MOLLIE HEMINGWAY: Everybody Is Wrong About The Ali Watkins Scoops-For-Sex Scandal: All of the major players in this story — Ali Watkins, James Wolfe, The New York Times, and the Department of Justice — behaved in less than admirable fashion.

Watkins had a three-year affair with Wolfe, a married Senate aide who served on that committee. Although she implausibly claims she didn’t use him as a source, she admits he shared information with her. He also sent her an email talking about how he liked to help her out in her career by sharing information. When Watkins and her lover broke up last year, she began dating another Senate staffer on the same committee.

It is wrong to have a romantic relationship with a married man you are not married to.
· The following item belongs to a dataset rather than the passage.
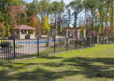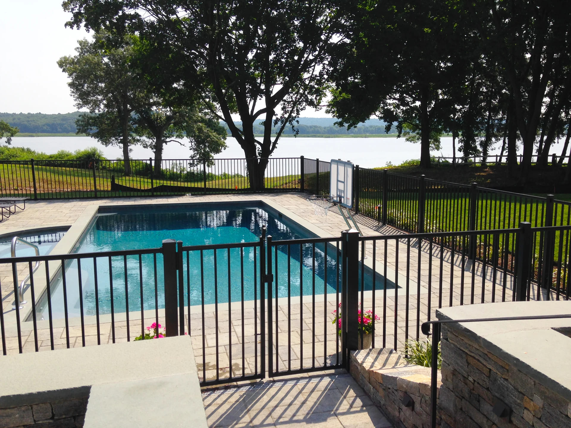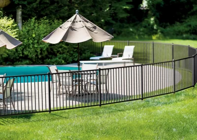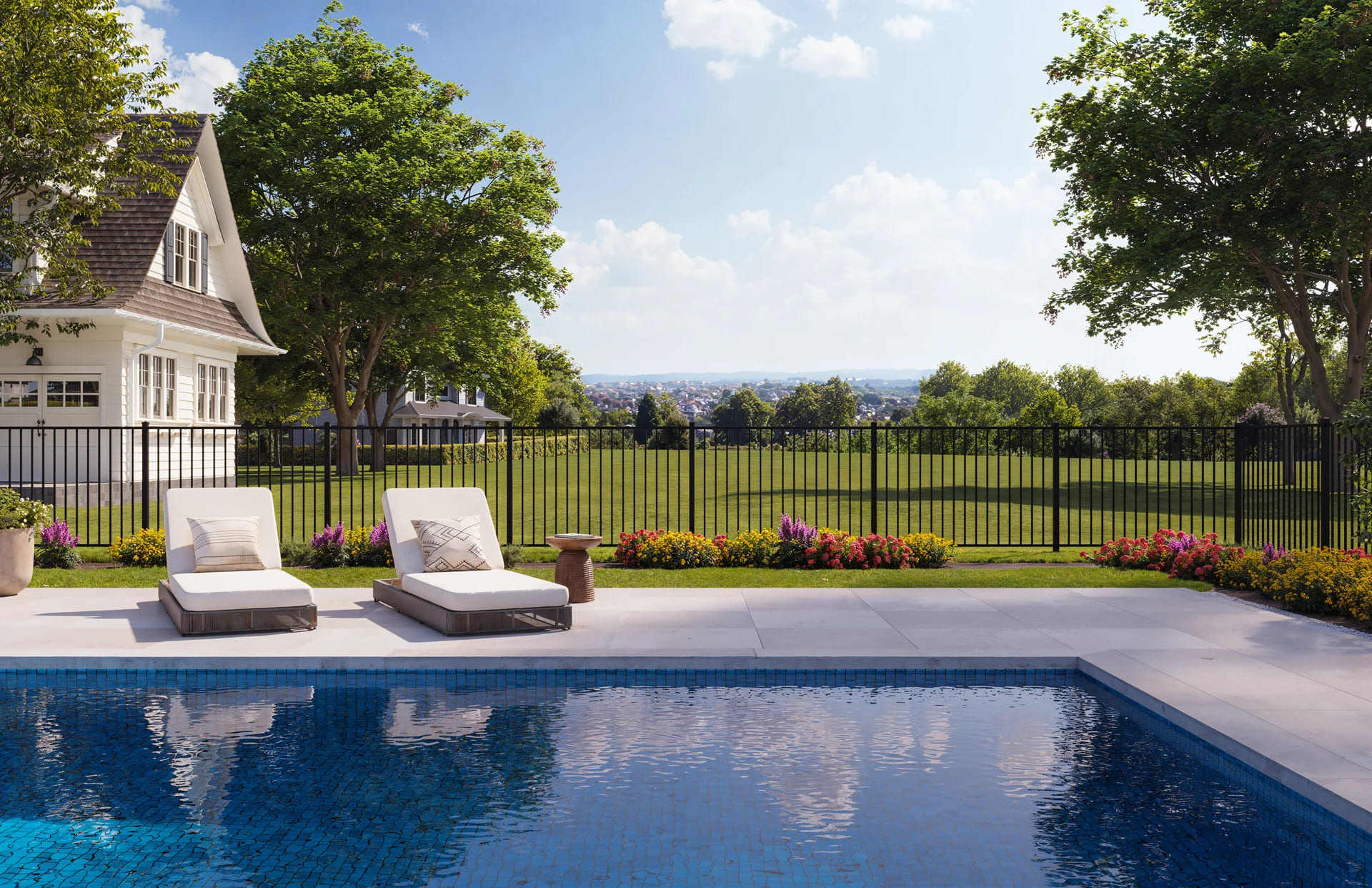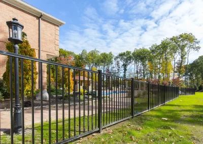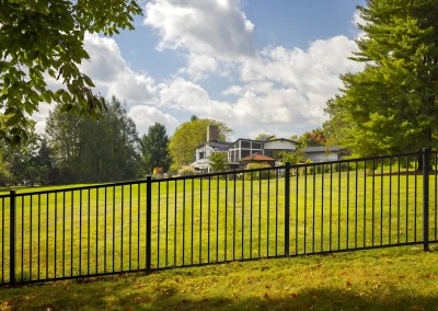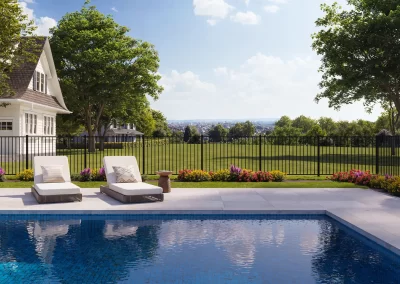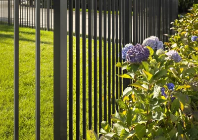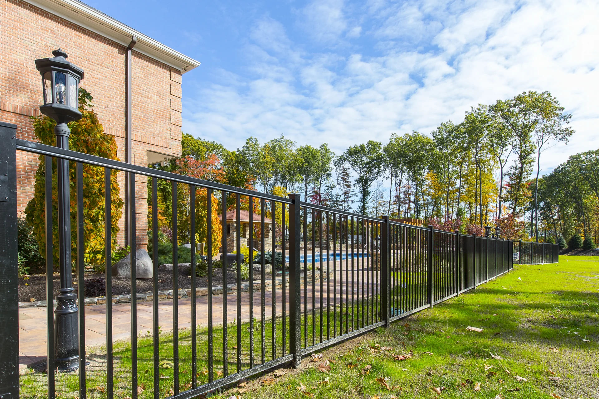 Modern aluminum fencing with a clear view — Cannon offers a sleek, flush-bottom design that complements both flat and sloping landscapes. Optional puppy pickets provide added safety around pools and play areas, without blocking your view.

In no world is it considered ethical to have an intimate relationship with someone you cover, because it doesn’t just make you appear to be biased, it makes you biased. It’s particularly wrong to have a relationship that is undisclosed to readers.

Honesty about the relationship to the source can harm the overall effect of the story. “This dude who’s cheating on his wife with me said…” just doesn’t have the same authority as “according to a senior intelligence official,” after all. Still, it should be disclosed. As one New York Times story about Watkins noted, an editor at one of her previous publications named Sam Stein was married to an Obama administration official, a fact he disclosed in his stories. In some cases, Watkins partially disclosed her relationship to her editors, a disclosure that should have been taken far more seriously than it was in every case.

Watkins’ stories based on anonymous leaks dealt with the Russia collusion narrative that has been rather uncritically pushed by the media. Sleeping with sources also reinforces negative stereotypes about reporters, a stereotype that particularly harms female journalists. Critics frequently suggest that anti-Trump media and anti-Trump members of the intelligence community are in bed together. It wasn’t meant to be taken literally.

Actually, you could explain a lot of journalism and politics by charting who in DC is sleeping with who.